GNU/GRUB still comes in three parts the same as always.
The part that goes into the first 440 bytes of the MBR and used to be called 'stage_1' is now called 'boot.img'.
It's role hasn't changed, it's still the first stage of the boot loader, and its job is to point to the second stage, now called core.img.
The second stage which is 'embedded' in the next 48 to 51 sectors or so of the total 62 normally empty sectors in the first track of the hard disk. If youre worried about clobbering something and you want to be particularly careful, you may make a backup of the MBR and first track, refer to this website's MBR Backup and Restore.

The third stage of GRUB, which replaces the old stage2 is called normal.mod, that's the part that lives inside the Ubuntu partition and it can have a large number of other modules attached to it as required.

One of the nice things about the new design of the Ubuntu installer is it's easy to look and see which hard disk and partititon belongs to your new Ubuntu installation in case you forgot.
In this example, it's in /dev/sda6, the 'a' at the end of 'sda' part indicates the first hard disk and the 6 means partition number 6.

The MBR of the first hard disk is the ideal location to install the boot.img and core.img of GRUB.
In the top of the list, /dev/sda is highlighted by default and that's normally the best choice.

Another location for installing GRUB's boot.img which used to be popular was the partition boot sector of the Ubuntu partition. In this case that's /dev/sda6.  Although it can still be done if you insist, this practice is now discouraged.
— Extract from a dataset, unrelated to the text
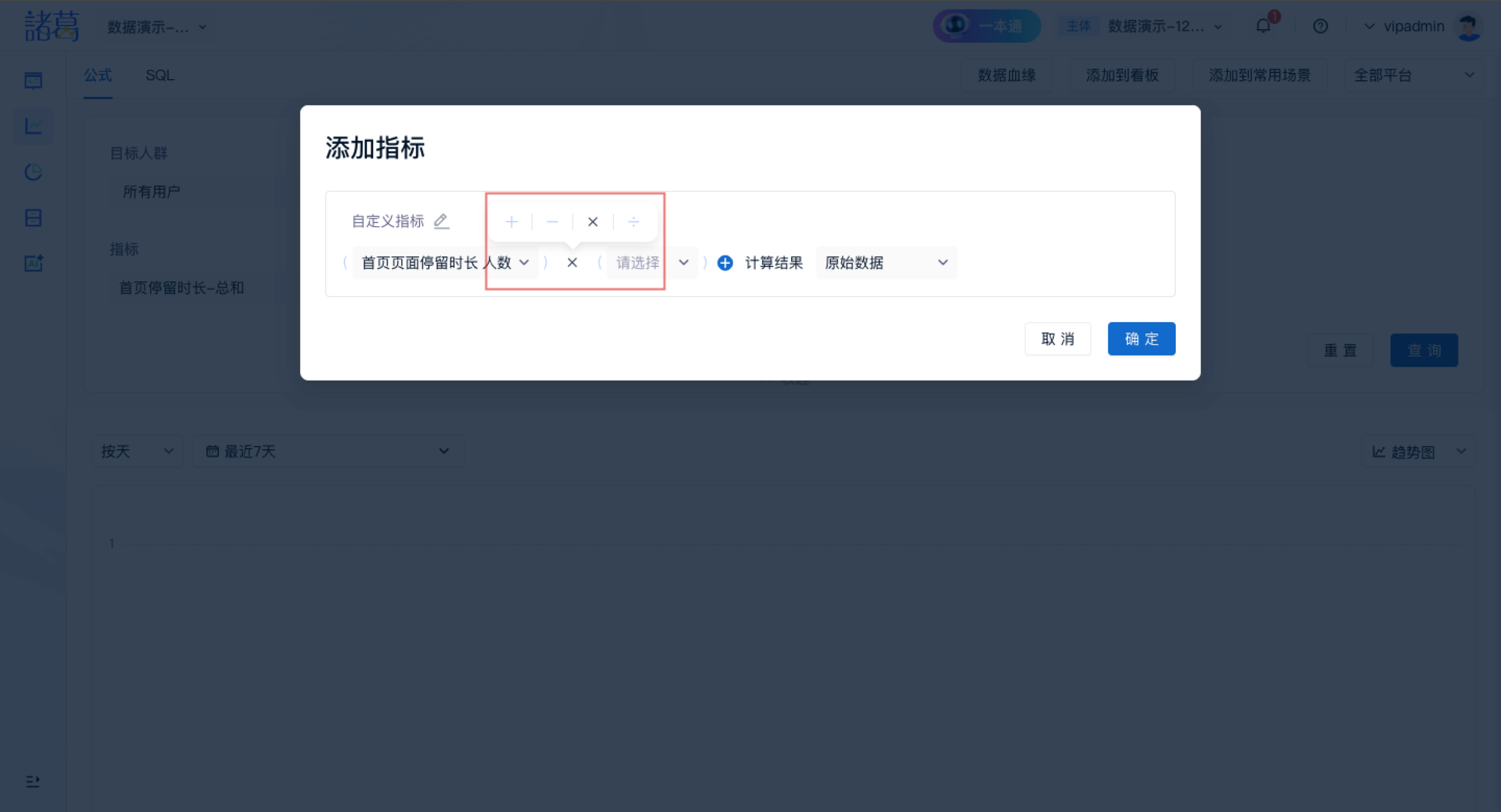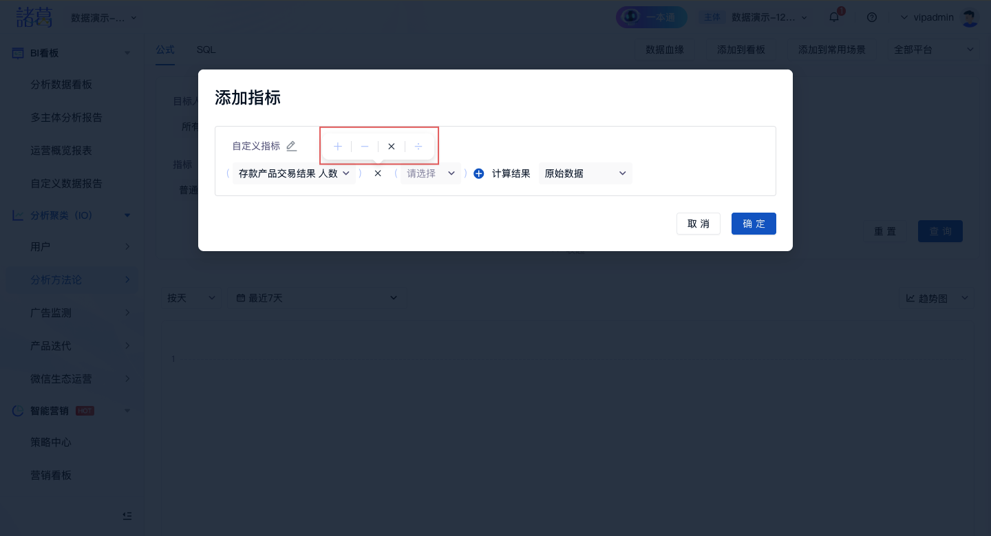 step4:选择「添加指标运算」,可选择「+」「-」「*」「/」四则运算,可对其他指标或常数进行四则运算
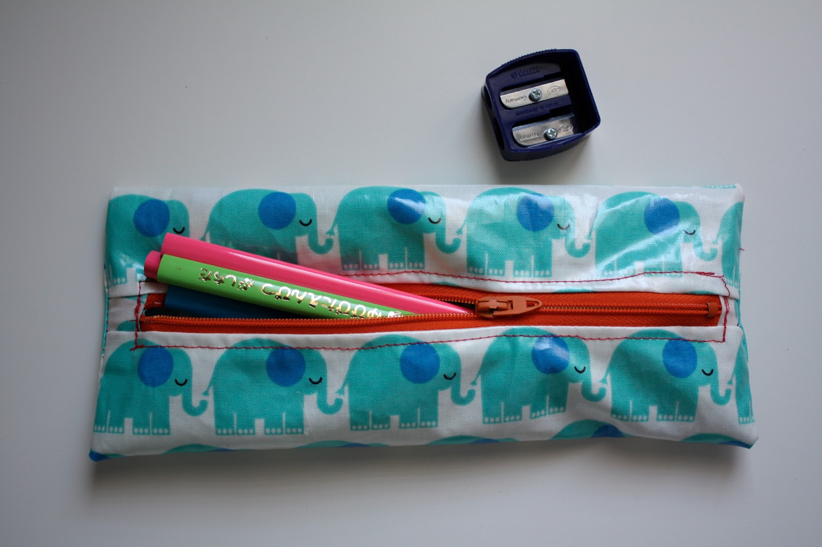 Last week, my younger son had a special package hand-delivered from Japan–a big box of worksheets and activities (which the company would not ship to an American name!) for use at his daycare. Included in the package was a set of adorable pencils, not round by “sankaku” (triangle). The daycare requested a pencil case, and of course, I was thrilled to have a simple and cute project to work on. I was set on sewing my son’s name onto the case, one letter per elephant, which made it comically large for the pencils it was to hold:

GRUB's core.img cannot be embedded when we install the boot.img to a partition boot sector, and although GRUB will still work with the copy of core.img in /boot/grub, (within the file system), it would need to rely on block addressing to locate it, and that would make GRUB less reliable.
Just look at all the trouble Windows Vista users have when their partition's boot sector is moved accidentally by an ill informed person using partition editor and you'll see why.
Some people still like to install GRUB to their Ubuntu partition boot sector anyway though, especailly if they use GAG Boot Manager for multibooting several GNU/Linux Distros and possibly Windows.
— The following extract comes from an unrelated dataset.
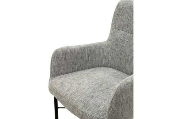 Eetkamerstoel Kepner van het merk Donc is een verfijnde combinatie van comfort en stijlvol design. De slanke armleuningen en hoge rug geven de stoel een luchtig, elegant karakter, terwijl de zachte zitting uitnodigt tot urenlang tafelen.
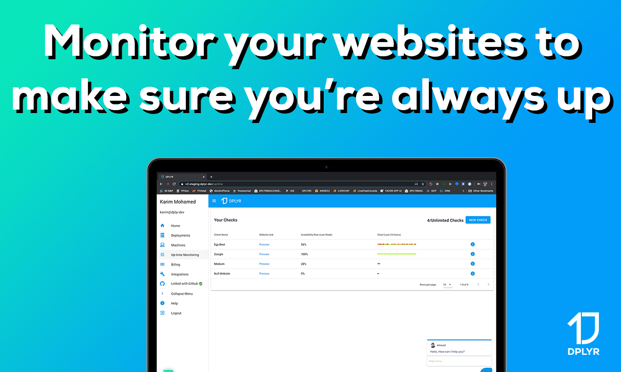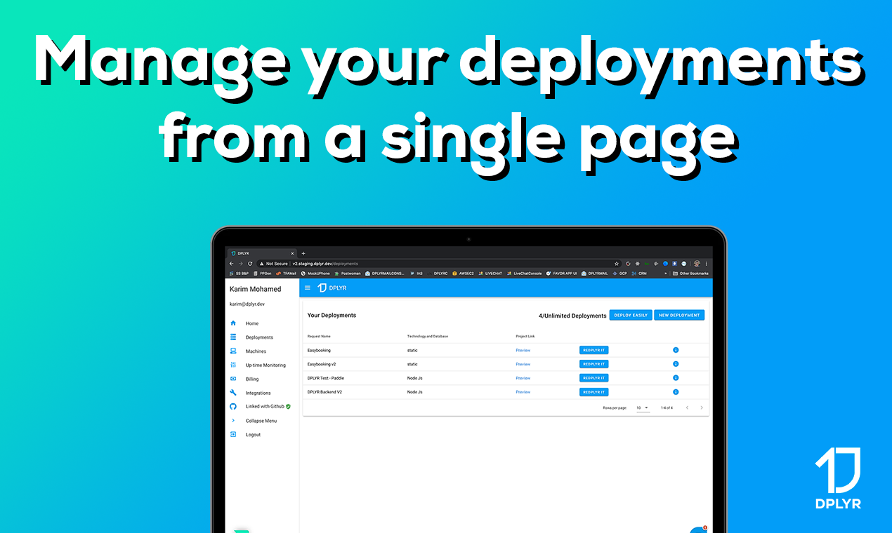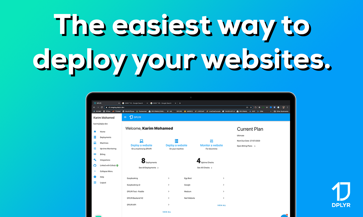 DPLYR is a tool that helps developers to deploy websites more easily on your machines or on DPLYR's powerful machines. You can deploy Node.js, PHP, and Laravel and you can include databases like MongoDB, MySQL, and PostgreSQL. And all of that is free ? Enjoy our product

Anyone installing Ubuntu in a removable drive, such as a USB drive, should NOT install GRUB to their first hard disk's MBR, but to MBR in their USB drive instead.

There's no option in this installer to install an alternative boot loader like LiLo.
It's not possible to skip it and continue the without any boot loader at all.
If for some weird reason you need either of these two things, you should use the 'Alternate Installation' CD for installing with and not the Ubuntu 'Desktop/Install' CD.

 It's a good idea to have a copy of Super Grub Disk ready just in case, whenever you're messing around with boot loaders and partition editors.
A full Ubuntu installation in a USB flash memory stick that boots with GRUB makes a great emergancy boot disc too. You can boot the USB Ubuntu and run grub-mkconfig to scan the computer for OSesand add them to the USB's GRUB menu and then reboot. When you reboot the USB again, just select an internal operating system entry and in most cases your operating system will boot, (sometimes not, depending on what the problem is exactly).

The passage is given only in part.